Hello sweet hope your ear infection clears up. They can be nasty.
looking the soup diet was luck. I went on a ‘health kick’ and decided to eat only homemade soup and juice….was majorly healthy and drinking heavily. Oh how delusional I am. But I lost weight and that was nice.

I’m and why big hugs to you both. Hope life starts being kinder to you soon.

Well done fated on the coffee. I may have one now. Going to watch movies with my husband and since I can’t swig back wine I need to find something else. Water gets tired very quickly.

Welcome polly. This bus is nuts but fantastic.

Hello guggs and its and splap and mouse and annie and mrF (bloody awesome 41 days) and angry feet

Hope I haven't forgotten anyone. And hello to anyone lurking.

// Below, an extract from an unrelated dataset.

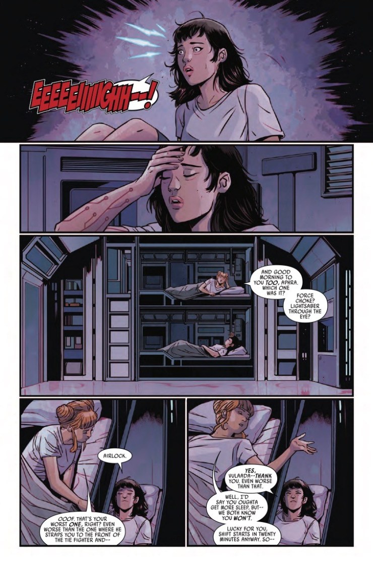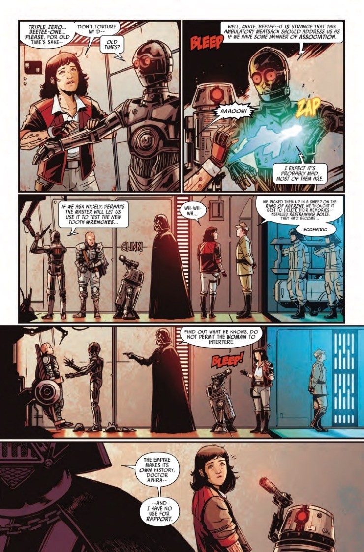 On the asteroid in question, Vader finds the shrine haunted by Force ghosts and dismisses them as mind tricks, but not before Chelli overhears him privately drop a tidbit about his own lost youth and innocence. As the group disembarks, Vader forces the Aphras to choose among themselves which one of them he will kill upon their return to the Executor: “I have need of only one Doctor Aphra.” Naturally, Chelli and her father have a heart-to-heart chat in the hold of the Imperial shuttle and Korin selflessly decides to sacrifice himself to BT-1… when suddenly the craft is rocked by a hostile boarding party. I won’t spoil which familiar character is among the besieging company, but we’ll pick up this synopsis when #39 is released in a couple weeks.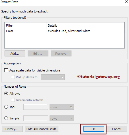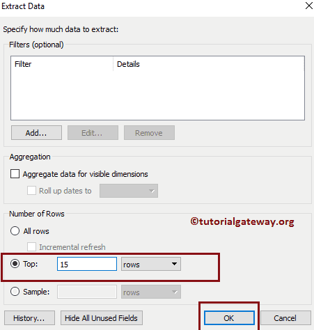 从下面的屏幕截图中,我们将选择“前 15 行”作为 Tableau 提取过滤器条件。

Gives barrie a little stroke, fires up Gerald and takes the corner on 2 wheels. Wake up babes……we’re on a mission here.

Pollycazalet · 10/02/2014 09:49

Hi all managed to last the evening without drinking last night despite DH drinking next to me. Had a terrible nights sleep feeling sweaty and stomach pains - don't know if it's connected. So I don't feel as chipper and clear headed as I expected to this am.

However. Onwards and am not going to drink today.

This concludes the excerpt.